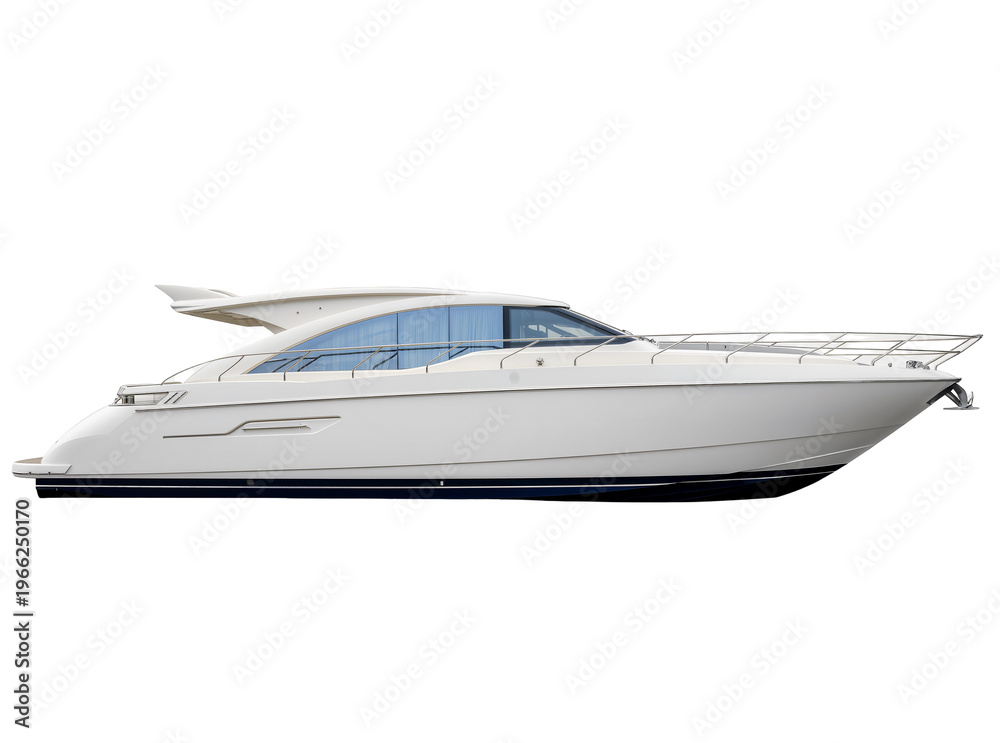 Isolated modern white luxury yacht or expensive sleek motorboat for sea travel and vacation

---

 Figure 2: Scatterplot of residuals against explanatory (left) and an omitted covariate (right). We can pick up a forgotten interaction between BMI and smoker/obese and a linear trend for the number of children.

--

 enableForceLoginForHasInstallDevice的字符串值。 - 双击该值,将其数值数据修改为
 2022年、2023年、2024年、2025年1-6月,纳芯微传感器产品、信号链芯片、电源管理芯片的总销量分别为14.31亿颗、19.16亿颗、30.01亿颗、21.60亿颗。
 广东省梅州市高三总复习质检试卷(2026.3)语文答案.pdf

▶ [WHAT TO WORK ON]:
Using the data above, print exactly the lines from the line that contains "2022年、2023年、20" through the line that contains "广东省梅州市高三总复习质检试卷(2026.3)语文答案.pdf", with both included.

▶ [SOLUTION TO THIS TASK]:
 2022年、2023年、2024年、2025年1-6月,纳芯微传感器产品、信号链芯片、电源管理芯片的总销量分别为14.31亿颗、19.16亿颗、30.01亿颗、21.60亿颗。
 广东省梅州市高三总复习质检试卷(2026.3)语文答案.pdf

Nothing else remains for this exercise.